# Would Love To Know Any Info About My 1940'S Gents Watch



## g_man_1978 (Aug 24, 2010)

Hi Guys,

I've just bought a mystery watch and I wondered if anyone would have any clue to it's maker/movement

maker/year, well pretty much anything!

It's on my wrist and I love it.

The link below should give all the info seller has

Link to watch


----------



## andyclient (Aug 1, 2009)

Do I smell SPAM ???????? :thumbsdown:


----------



## g_man_1978 (Aug 24, 2010)

andyclient said:


> Do I smell SPAM ???????? :thumbsdown:


Lol, nope, I promise!! I was going to insert the pic but I'm on my iPhone sitting watching the one show, but can add them from my pc if you'd rather!

It was a spur of the moment purchase on Sunday.

I'm just a sucker for a good mystery! I guess.

Graham


----------



## g_man_1978 (Aug 24, 2010)

I've read there were over 6000 watch makers in the 40's so I'm not too hopeful.

Would be nice to know if it was military use or not? Are unsigned movments just cheap movements?


----------



## frogspawn (Jun 20, 2008)

Now that I like - what size is it please.

David


----------



## g_man_1978 (Aug 24, 2010)

Thanks!

I can't for the life of me find a ruler, but seller said "35mm inc crown".

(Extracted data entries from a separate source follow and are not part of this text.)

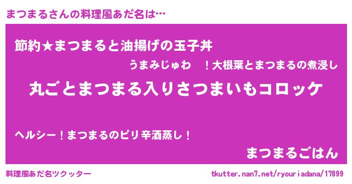 | 男性向けラノベタイトル風あだ名 | 『この素晴らしい世界にまつまるを!』 |
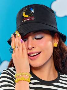 Adventure Time X ROMWE Sombrero de cubo casual y de moda con gráficos de dibujos animados y letras
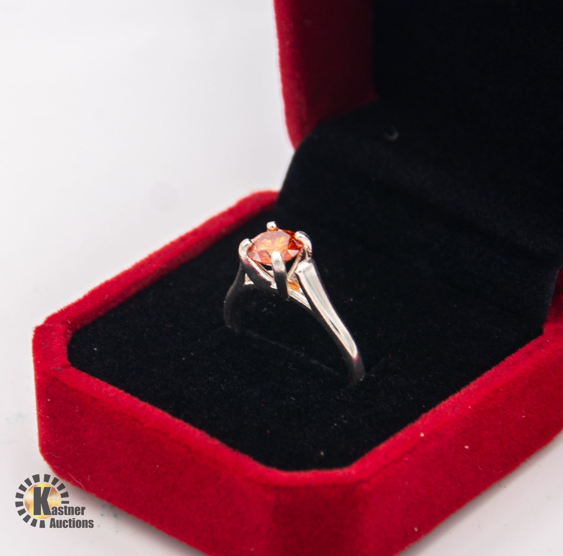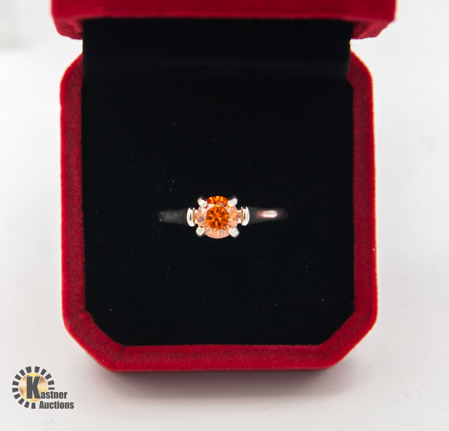 ROUND BRILLIANT CUT MOISSANITE STONE VVS ORANGE IN COLOR SET IN 925 SILVER RING SIZE 8
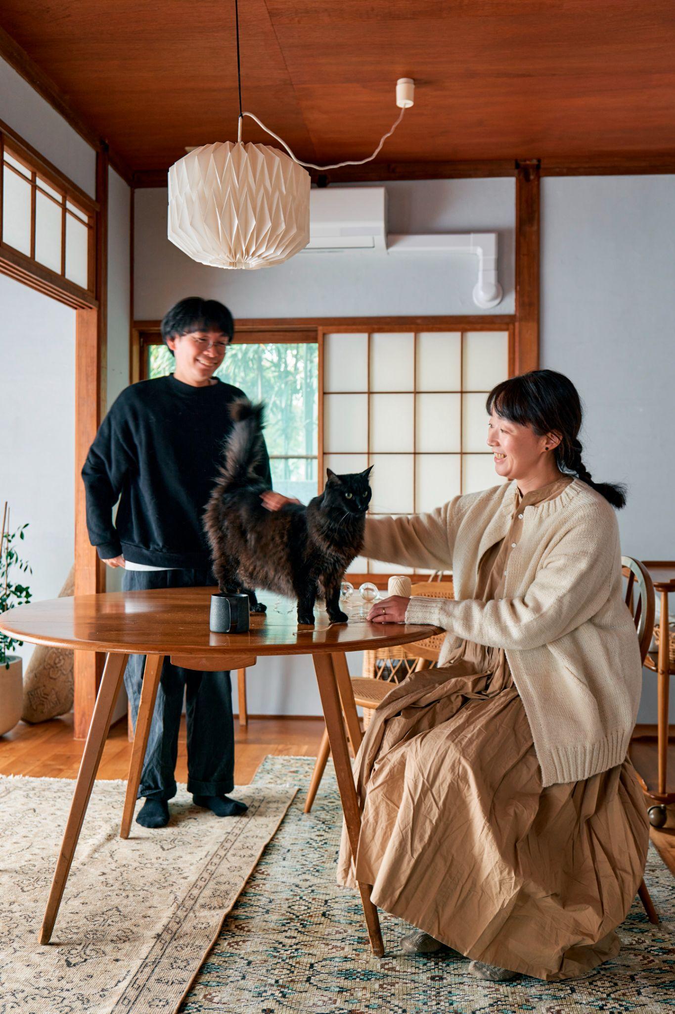 Không gian ăn uống nơi gia chủ tương tác cùng mèo, với bàn gỗ tròn và đèn treo nhẹ nhàng phía trên. Cách sắp xếp này tạo cảm giác ấm cúng, giúp bữa ăn trở thành một phần gắn kết của đời sống gia đình

Smaller than I thought it would be from the pics, but it's a nice size.


----------



## bjohnson (Oct 2, 2007)

It's a good quality Swiss movement from the 1940s. Specifically a FEF 190










http://www.ranfft.de/cgi-bin/bidfun-db.cgi?10&ranfft&a&2uswk&FEF_190



g_man_1978 said:


> Would be nice to know if it was military use or not?

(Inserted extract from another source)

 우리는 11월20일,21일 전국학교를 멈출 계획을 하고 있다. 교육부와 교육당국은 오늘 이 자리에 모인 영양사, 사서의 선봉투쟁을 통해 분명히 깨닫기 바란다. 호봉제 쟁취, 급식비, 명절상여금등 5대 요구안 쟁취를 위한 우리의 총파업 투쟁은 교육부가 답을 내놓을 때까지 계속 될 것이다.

It was not an "issued" watch. It may have been used by Military personnel, but there is no way to prove or disprove this.



g_man_1978 said:


> Are unsigned movements just cheap movements?


No.

1. unsigned movements were the norm in the early 1900s

2. even signed movements were usually from ebauche manufacturers like this one (FEF) even if they had another brand name on them


----------



## g_man_1978 (Aug 24, 2010)

Bjohnson, I am Loving that information, Thank you, and makes me feel better about what I have.

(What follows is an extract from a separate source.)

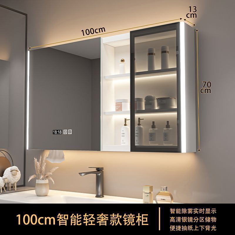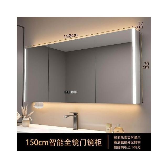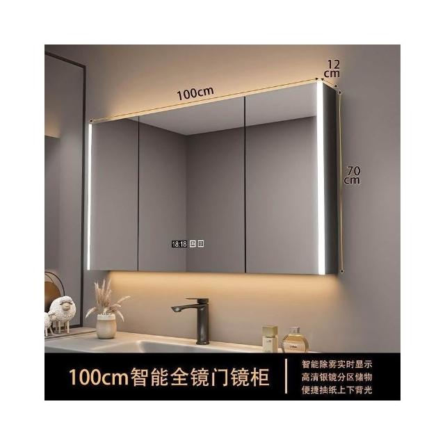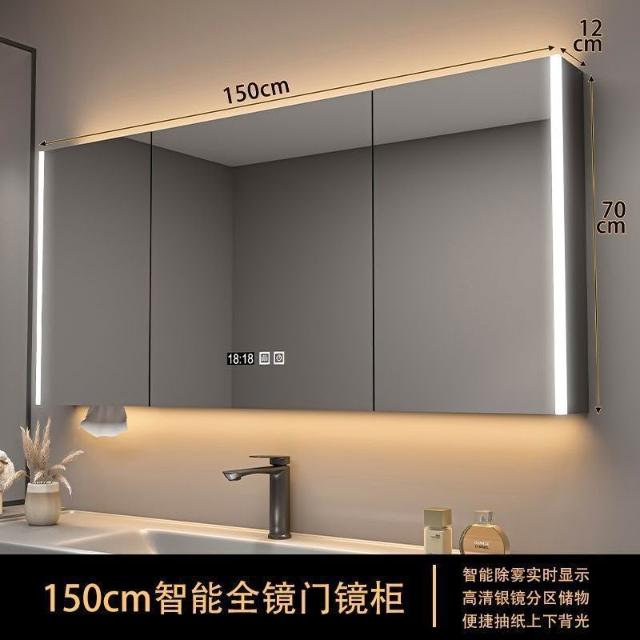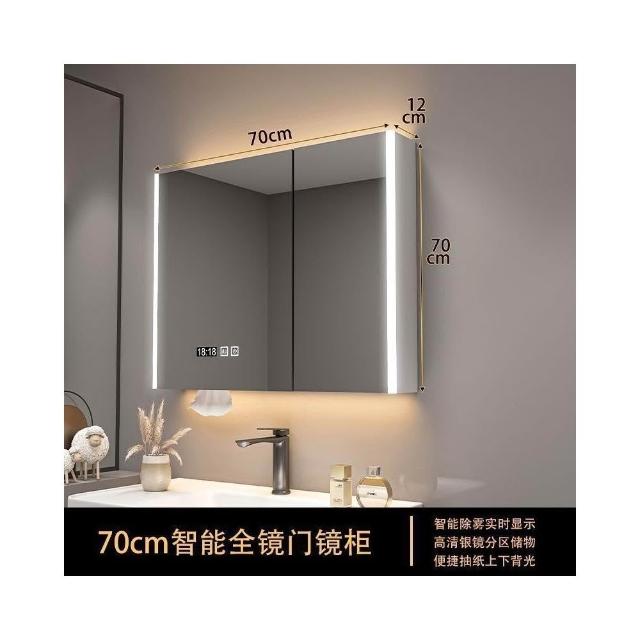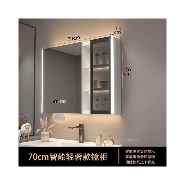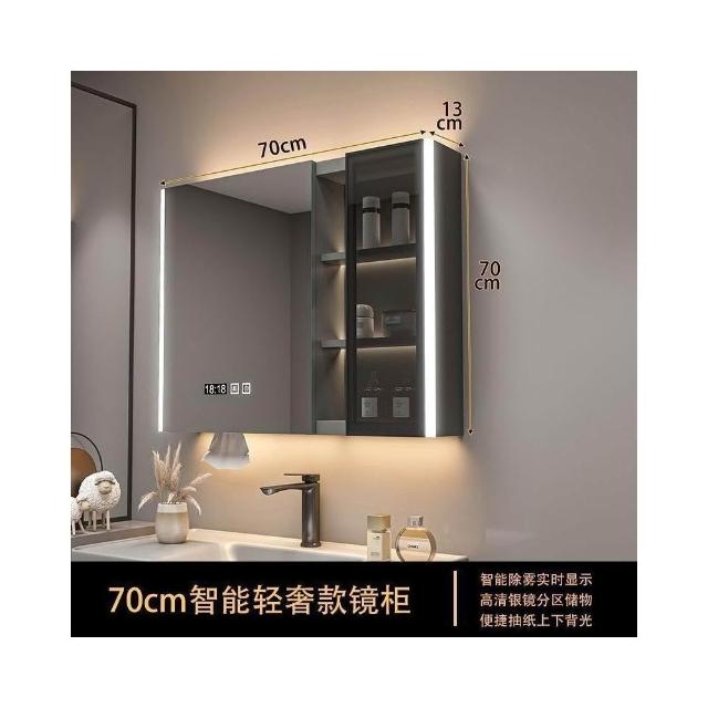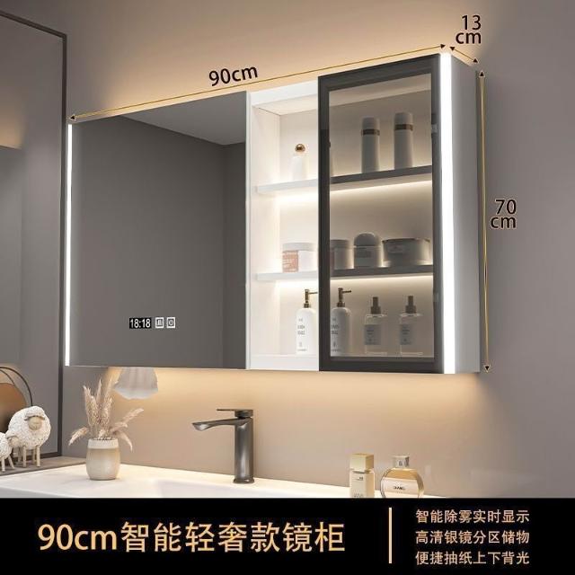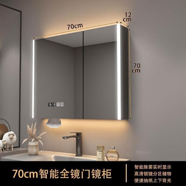 實木浴室智能鏡櫃 單獨掛墻式帶燈 除霧衛生間鏡子帶收納一體櫃

I'm Really glad I didn't have to go though all those movements to find that (I was considering doing that previously too!)

amazing to see how long they were making that model for, with tweaks for quite a few years it seems.

of course it makes me ask more questions. (.. typical eh.)

1. Ref the movement maker, Fef, what do Fef stand for and do they still exist/ bought out?

2. What watch makers use this movement, any well known watches I wonder?, as far as I've read, if it's European I have pratically zero chance of working out any (Other information than you're given me),

3. what would be a good guess to where this has come from?

4. Is it likely that this is not the original watch face that I'm staring into?.. would it of been a German name and been rubbed off on purpose perhaps. "Swiss made" is english, but I'm assuming that's not a clue?


----------



## bjohnson (Oct 2, 2007)

g_man_1978 said:


> Bjohnson, I am Loving that information, Thank you, and makes me feel better about what I have.
> 
> I'm Really glad I didn't have to go though all those movements to find that (I was considering doing that previously too!)
> 
> ...


FEF is the short form for Fleurier. I don't know their history but they're now probably part of Swatch, like Eterna, ETA, AS, etc



g_man_1978 said:


> 2. What watch makers use this movement, any well known watches I wonder?, as far as I've read, if it's European I have pratically zero chance of working out any (Other information than you're given me),


I'm not aware of any database that lists which watch brands used a specific movement. FEF was an ebauche manufacturer. They sold movements to anybody who wanted them.

Ranfft lists Normana and Ruby. I've got a FEF 190 in a BWC (Buttes Watch Co).

In general, FEF movements were used in everything from Girard Perregaux and Tudor watches to unmarked watches like yours.



g_man_1978 said:


> 3. what would be a good guess to where this has come from?


Switzerland. Any other guesses would likely be as accurate.



g_man_1978 said:


> 4. Is it likely that this is not the original watch face that I'm staring into?.. would it of been a German name and been rubbed off on purpose perhaps. "Swiss made" is english, but I'm assuming that's not a clue?


Looks like a vintage style watch dial in good condition with a little patina. I'm guessing that the deformation at 8:00 is due to the photo angle and the deflection is caused by the shape of the crystal rather than dial problems.

I would guess that it was original.

Not every watch has a brand name splashed across the dial. It was quite common for a jewellry store to get a watch made for you. You can still get custom watches made.


----------



## g_man_1978 (Aug 24, 2010)

Fantastic work, you've literally answered all my questions! :notworthy:

I'm going to look after it and try hard not to over-wind it. This baby is staying on my wrist.

Old enough to be cool.. yet and not expensive enough for me to worry about damaging it, that's the theory for this watch.

Thanks again.

Graham


----------